Woman on the job. said:


> I hope someone can help. I'm wiring a septic system for a winery (I've done one other ). I did it in 3/4" pvc. When the inspector came out, he said he'd have to assume it was a class 1 div. 1 system since an engineer hadn't put his stamp on it. The facility has floor drains. An engineer finally stamped it as class 1 div.2 - since dumping petrol down the drains wouldn't be part of normal operations. There are three risers. My question is do I have to go rigid with explosion proof box and seal off all the way to the control boxes? I've read that you need a seal off when you leave the classified area, but that would make it just outside each riser and seal offs can't be buried. Are there any other options? Can I keep any part of the pvc system? Thanks


It's going to need to be sealed off somehow.


----------



## glen1971 (Oct 10, 2012)

Woman on the job. said:


> I hope someone can help. I'm wiring a septic system for a winery (I've done one other ). I did it in 3/4" pvc. When the inspector came out, he said he'd have to assume it was a class 1 div. 1 system since an engineer hadn't put his stamp on it. The facility has floor drains. An engineer finally stamped it as class 1 div.2 - since dumping petrol down the drains wouldn't be part of normal operations. There are three risers. My question is do I have to go rigid with explosion proof box and seal off all the way to the control boxes? I've read that you need a seal off when you leave the classified area, but that would make it just outside each riser and seal offs can't be buried. Are there any other options? Can I keep any part of the pvc system? Thanks


I'm pretty sure you'll need seals when leaving the Div 2 area and into any panels requiring seals (relay panels, switches with non factory sealed contacts, etc.).. Seals cannot be buried.. Can you go to a GUA fitting with a pour cover instead of an EYS on your area change seal?
The wiring method (conduit type) will have to be approved for the area.. Up this way, PVC is not approved in Class 1 Div 2 areas and you would have to be in rigid, either aluminum or GRS...


----------



## 360max (Jun 10, 2011)

501.10(b)


----------



## Woman on the job. (Nov 4, 2015)

If an engineer has not stamped what the systems classification is - the inspector assumes it's class 1 div.1


----------



## backstay (Feb 3, 2011)

If you have an explosive environment in your septic system, something's wrong.


----------



## Woman on the job. (Nov 4, 2015)

Ha! Thanks for your code note. I'm reading it over and over. It's starting to make a little more sense.


----------



## Woman on the job. (Nov 4, 2015)

This is to "backstay". The classification is because of the floor drains in the building. Something flammable could be dumped.


----------



## backstay (Feb 3, 2011)

Woman on the job. said:


> This is to "backstay". The classification is because of the floor drains in the building. Something flammable could be dumped.

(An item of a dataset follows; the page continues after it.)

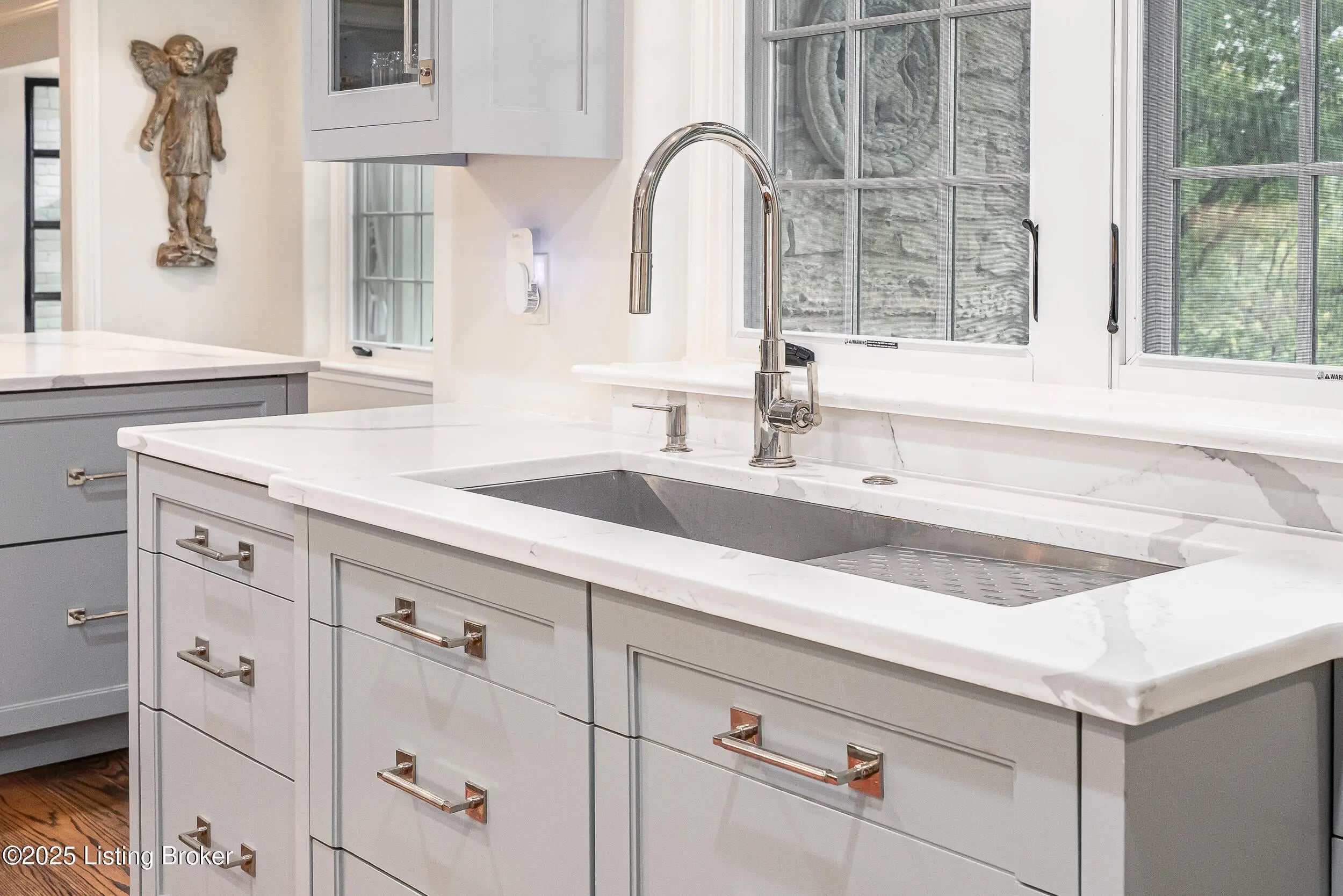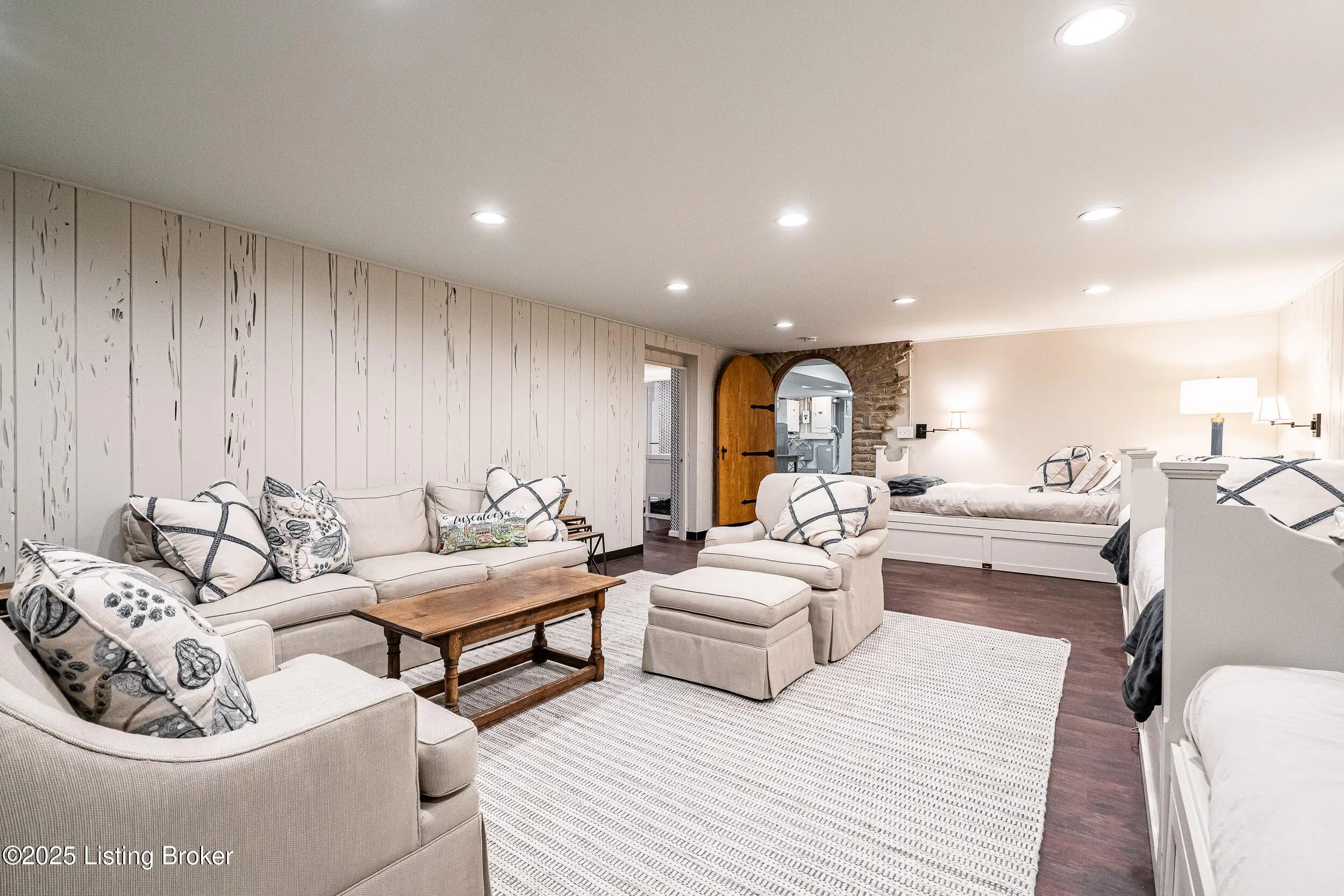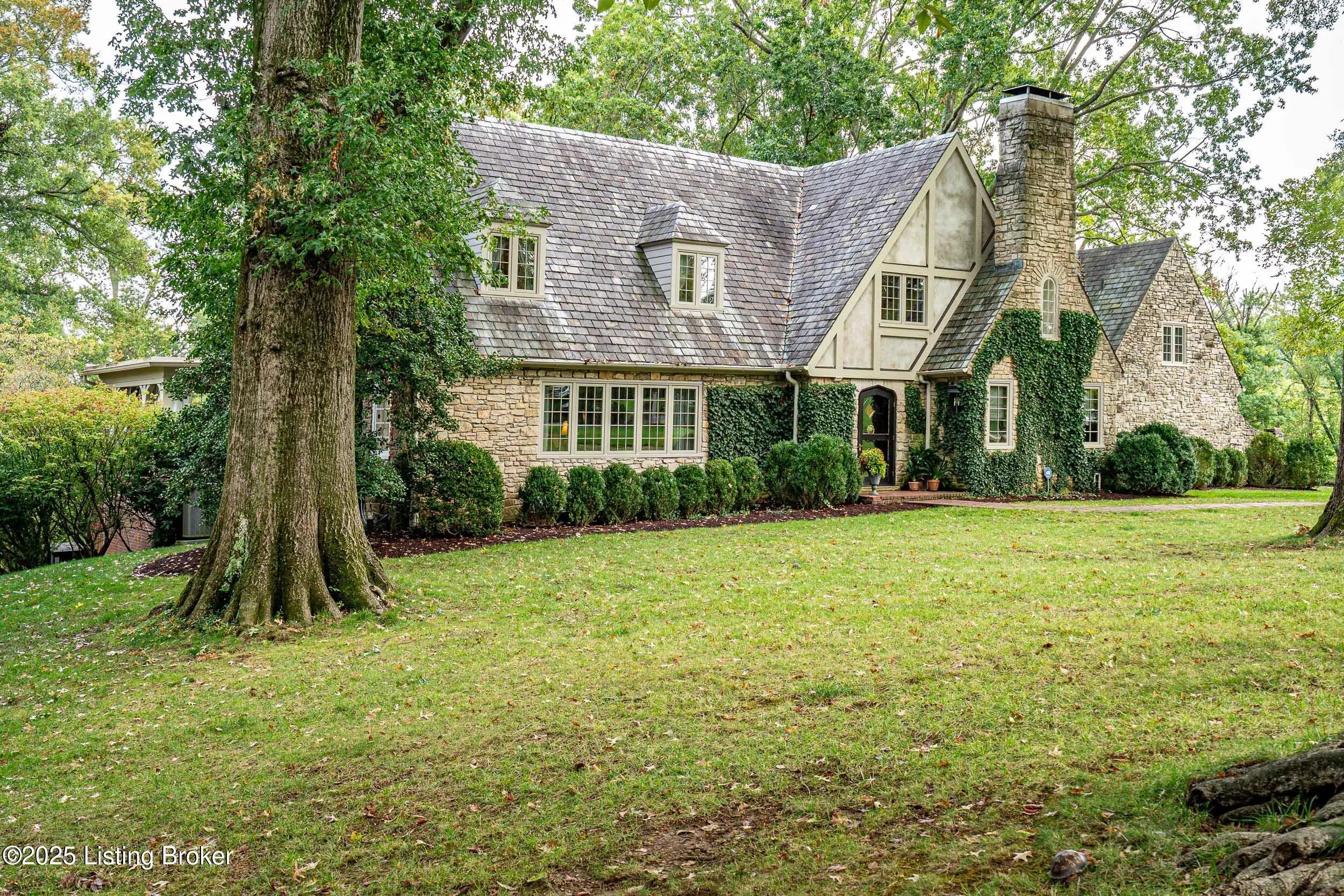 Stratton Hammon Masterpiece in Indian Hills | Timeless Elegance Nestled on 2.39 lush, meticulously landscaped acres in the heart of Indian Hills, this extraordinary 1937 creekstone Tudor is a rare opportunity to own a piece of Louisville's architectural history. Designed by the renowned local architect Stratton Hammon, this timeless residence combines historic charm with thoughtful modern updates, creating a one-of-a-kind estate perfect for refined living and entertaining. The home's stunning creekstone exterior, adorned with English ivy, is crowned by a slate roof and accented by classic statement windows, a picture of enduring beauty and craftsmanship. Step into the welcoming foyer, flanked by two charming closets, and ascend into the central hall, where a beautifully detailed staircase provides a warm introduction to the home's sophisticated interiors. At the heart of the home lies the central dining room, perfectly situated between the renovated chef's kitchen, complete with top-of-the-line Sub-Zero appliances, quartz countertops, a spacious island, refrigerated drawers, and icemaker, and the cozy, bookcase-lined family room with a wood-burning fireplace. To the left of the foyer, the grand living room impresses with tall ceilings, a gas fireplace, and dual openings that flow seamlessly into the adjacent family room, offering an effortless layout for hosting gatherings both large and intimate. Just beyond the family room, two sets of French doors open to an expansive veranda, a true entertainer's dream. This outdoor retreat features a wood-burning fireplace, hanging daybed, and multiple sitting and dining areas, all overlooking the stunning rear yard and formal parterre gardens. Inside, additional first-floor highlights include a cozy den with wood-paneled walls and a fireplace, an attached sitting room/wet bar, a formal half bath, and a versatile gym or office with an adjacent full bath and walk-in pantry. The second level, accessible by both the main and kitchen staircases, offers a spacious guest suite with en suite bath, two large bedrooms with a shared hall bath (dual vanities), a laundry closet, and a showstopping primary suite. The primary suite features custom built-in closets, window nooks, and a luxurious bath finished in white marble, with a soaking tub, glass shower, and dual vanities. The lower level continues to impress with a large recreational bunk room, anchored by a creekstone fireplace, ideal for movie nights, sleepovers, or a general play space. A unique bathroom on this level includes dual vanities and three individual showers, providing flexibility and function for guests or family. Additional property features include: A rear shed with a brick rooftop terrace/ grill space, a full house generator, plans for a 2-car garage with an elegant porte cochère and motor court, and a custom-designed guest carriage house & office This rare offering blends timeless elegance, architectural pedigree, and modern comfort in one of Louisville's most prestigious neighborhoods. For more information or to schedule a private showing, please contact the listing agents.

Ok, that's a different story.


----------



## hardworkingstiff (Jan 22, 2007)

Woman on the job. said:


> This is to "backstay". The classification is because of the floor drains in the building. Something flammable could be dumped.


Are flammable liquids being used in the winery where these floor drains are located, or is the AHJ just saying someone might walk in carrying a flammable liquid and then dump it down the drain?

I've only wired a couple of septic lift pumps (I'm assuming this is what you are describing). I did not have to install sealoffs.

The thing you do not want to do is to cut the cords to the pump motors or float switches. They are left long so that you can run them through a conduit to the controller located adjacent to the tank (above any classified location, due to the sewer gases). I was allowed to duct seal both side of the PVC and that was adequate.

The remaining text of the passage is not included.